The bill expands Pell Grant, which helps low-income students pay for colleges, including job training programs, which is a win for community colleges that offer a variety of certificate programs. It also adjusts the eligibility of all Pell recipients: Starting in July 2026, students with full ride scholarships will no longer be eligible for Pell Grants. The bill also provides full funding for the existing Pell Grant shortage.

University Responsibility Income Test

To inspire universities to provide a good return on investment, the bill connects schools’ access to federal student loans to graduates’ income.

If the undergraduate program fails to pass the income test (which means their students earn less than those with high school diplomas), you may lose the opportunity to obtain a federal loan. One analysis shows that this will have the greatest impact on two-year associate degree program, although federal data suggest community college students are less dependent on federal student loans.

The steps followed by similar regulations formulated by the Obama administration and reissued under Biden are called the paying employment rules.

The final version of the new accountability policy is related to the House version – the draft includes a risk-sharing program in which universities will pay fines based on federal loan debts their students fail to repay.

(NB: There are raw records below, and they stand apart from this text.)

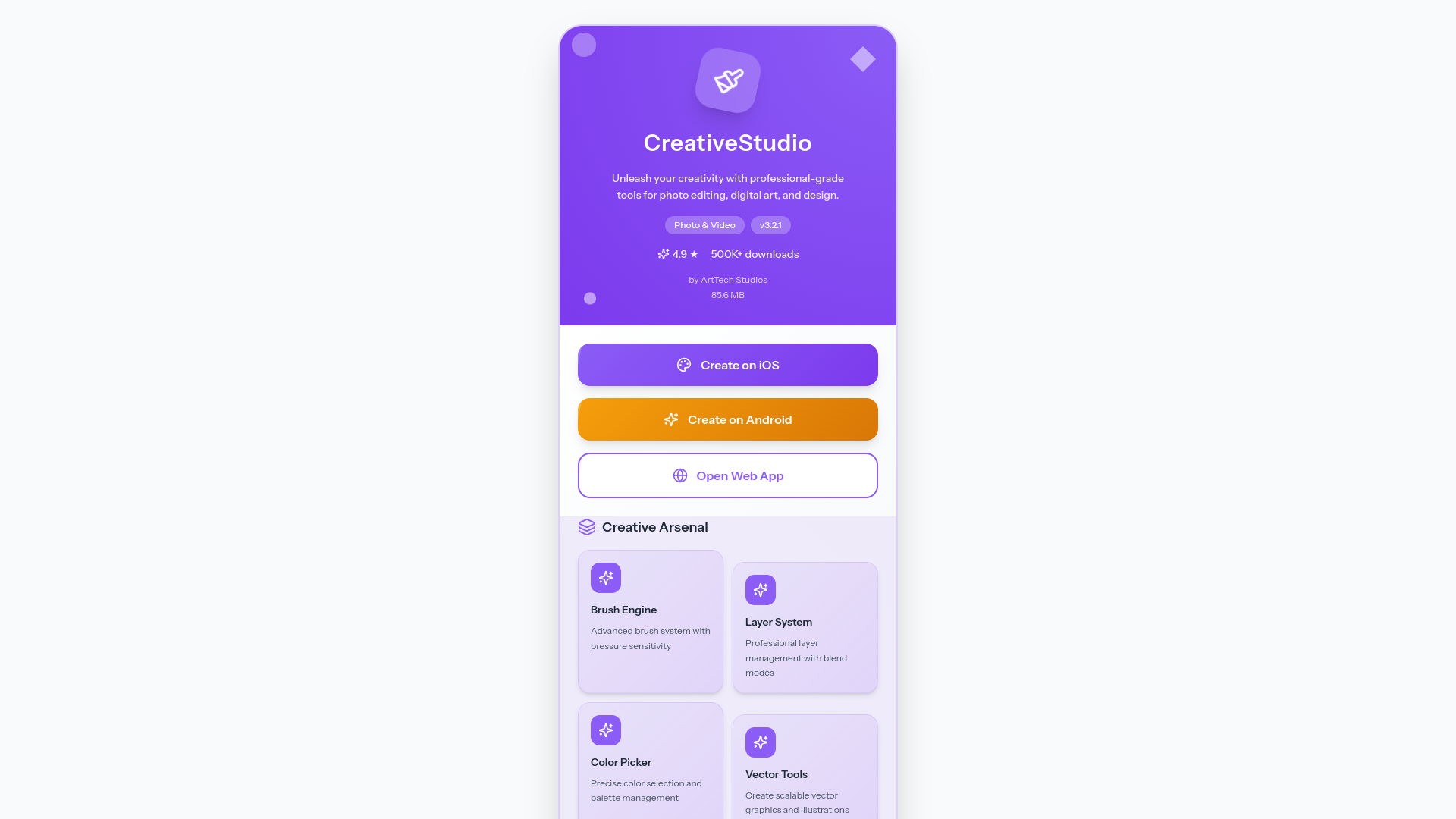 Choose from 5 specialized templates: Creative, Gaming, Lifestyle, Mobile, and Productivity themes, each optimized for different app categories and user engagement.
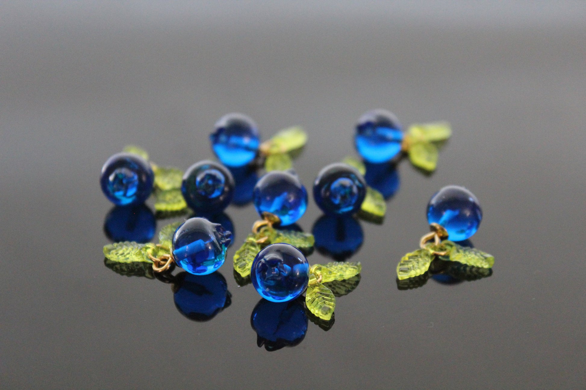 Bulk Resin Blueberry charms for jewelry making with silver and gold hooks and leaves
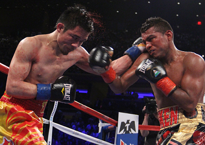 4階級制覇王者、WBC世界S・フライ級チャンピオンのローマン・ゴンサレス(ニカラグア=写真右)が18日、ニューヨークMSGで初防衛戦を行い、挑戦者の元王者シーサケット・ソールンビサイ(タイ=写真左)に0-2判定負け。プロ47戦目で初黒星となった。スコアは114-112×2でシーサケット、残りが113-113だった。
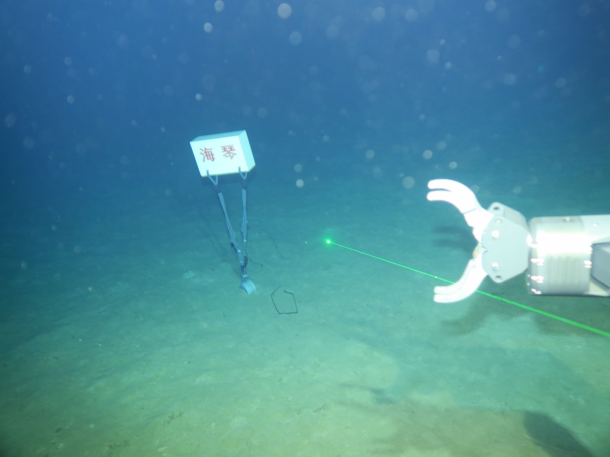 China's self-developed Haiqin, a 6,000-meter deep-sea remotely operated vehicle (ROV), places a marker on the seafloor at a depth of 4,140 meters, in the South China Sea, Aug. 23, 2025. (Sun Yat-sen University/Handout via Xinhua)
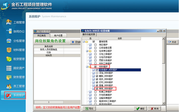 1、首先將 “審核_材料”的功能單獨(dú)分配給材料維護(hù)員一人。
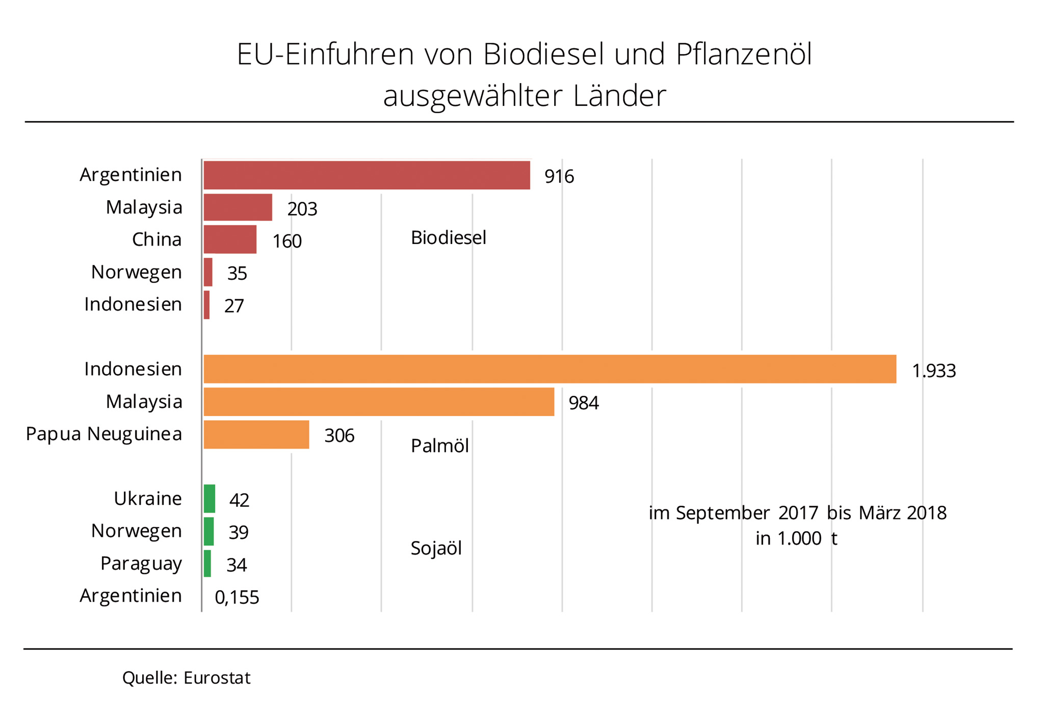 Ohnehin importierte die EU-28 mit 134.000 t nicht viel Sojaöl aus Drittländern, aber Palmöl: Im genannten Zeitraum waren es 2,8 Mio. t, hauptsächlich aus Indonesien (1,93 Mio. t) und Malaysia (0,9 Mio. t). Hauptempfangsländer waren die Niederlande, Spanien und Italien. Mit rund 67 % wurde der größte Teil der indonesischen Palmöleinfuhren für technische Zwecke und damit zur Kraftstoffnutzung eingesetzt. Die UFOP befürchtet, dass der Import analog zu 2012 – vor Inkrafttreten der Importzölle auf Biodiesel aus Argentinien und Indonesien – auf 3 bis 5 Mio. t anwachsen könnte. Deshalb müsse die EU-Kommission wie bei den argentinischen Biodieselimporten jetzt ebenso handeln und sich gegen einen weiteren Anstieg von Palmölimporten engagieren. Es sei geradezu paradox, dass die EU-Kommission im Rahmen der Neufassung der Erneuerbare Energien Richtlinie an der „iLUC-Politik“ festhalte und auch das in der EU produzierte Rapsöl ausschließen wolle, sich aber gleichzeitig dem vom Europäischen Parlament geforderten Palmölverbot verschließe.
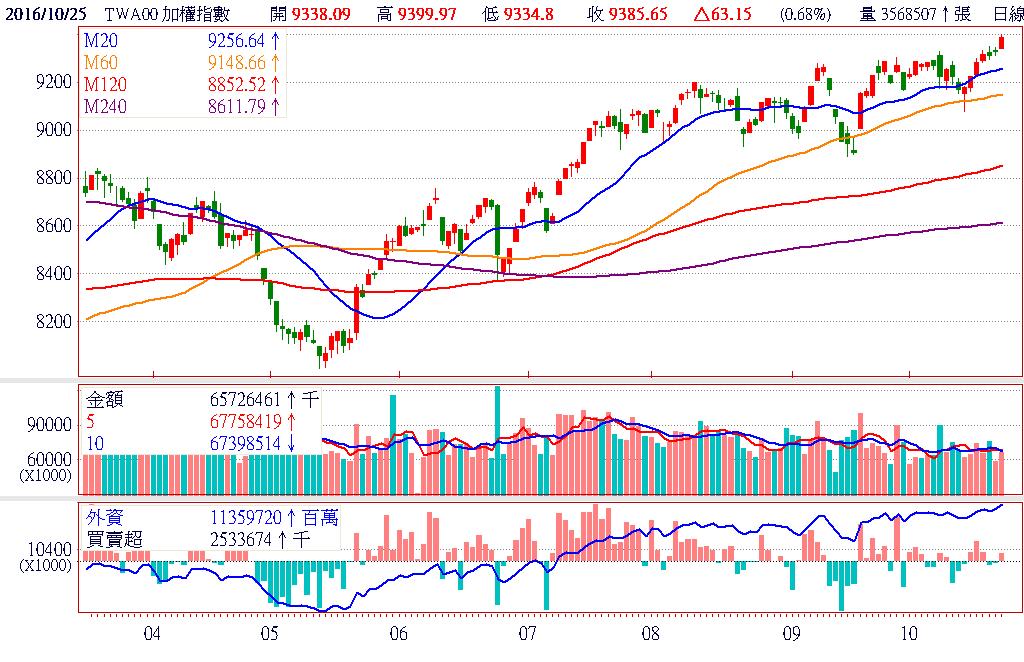 在美股四大指數上漲的帶動下,台股僅存的外資主力順勢偏多操作,用了少少的25億元的買超力道,就將指數推上本波新高的9399點。除了表示量縮下外資好控盤外,也說明目前台股的籌碼相當輕,無須花太大力氣,就可持續創高。由於今日外資期貨再增加2999口,不僅未平倉多單再創新高,更是首次與加權指數同步創高,是否會改變期貨多單創高後即拉回的慣性,是我們該思考的重要問題。終場加權指數收在9385.65點,上漲63.15點,漲幅0.68%,市場成交總金額644.37億元。
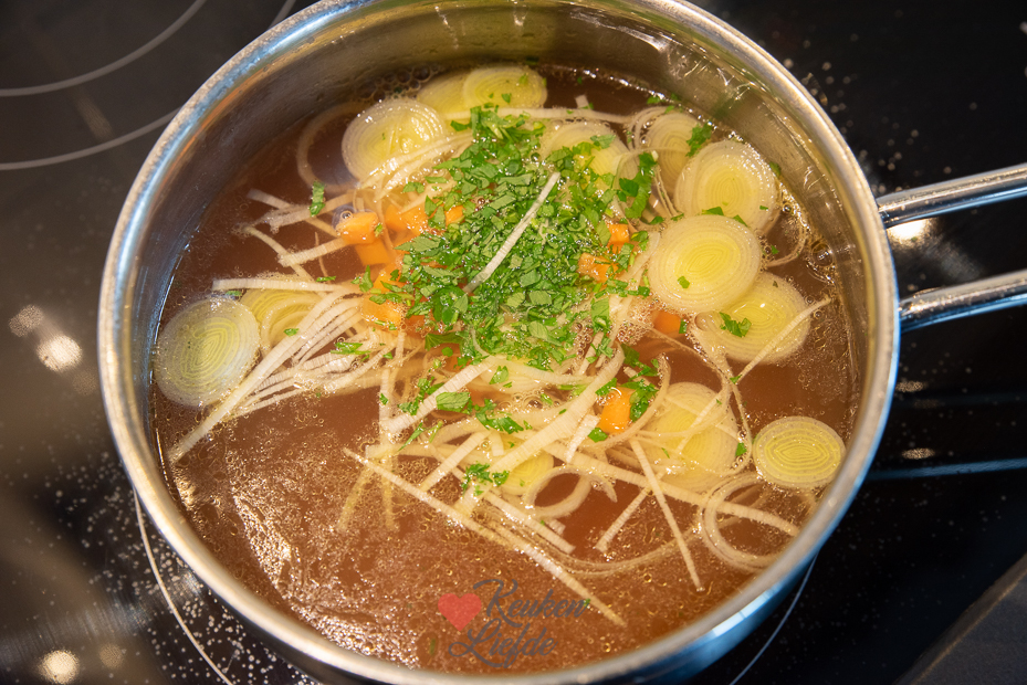 Voor dit recept kun je zowel runderbouillon als groentebouillon gebruiken. De bouillon kun je zelf maken (zie linkjes bij ingrediënten), of je maakt hem heel eenvoudig met een bouillonblokje. Daar is helemaal niks mis mee. Met wat verse groenten en eisterren erin tover je de eenvoudigste bouillon om in een heerlijk, kerstig soepje. Als je de bouillon zelf wilt maken (het is wel de moeite waard) dan kun je dit al een dag, of zelfs paar dagen van tevoren al doen. Wil je hem langer van tevoren maken, dan kun je hem ook prima invriezen.

Higher taxes on university donations

Now, universities with donations will be taxed at higher rates.

The bill raises the tax rate from 1.4% to 8%, depending on the university’s donation.

Harvard University is currently making several legal battles with the Trump administration, totaling more than $52 billion. Under the formula of the new law, the formula puts Harvard in the highest donation tax, which is an endowment tax of more than $2 million per family student.

Small private universities have a statue: Institutions with less than 3,000 students are exempt from taxes. The previous waiver was 500 students.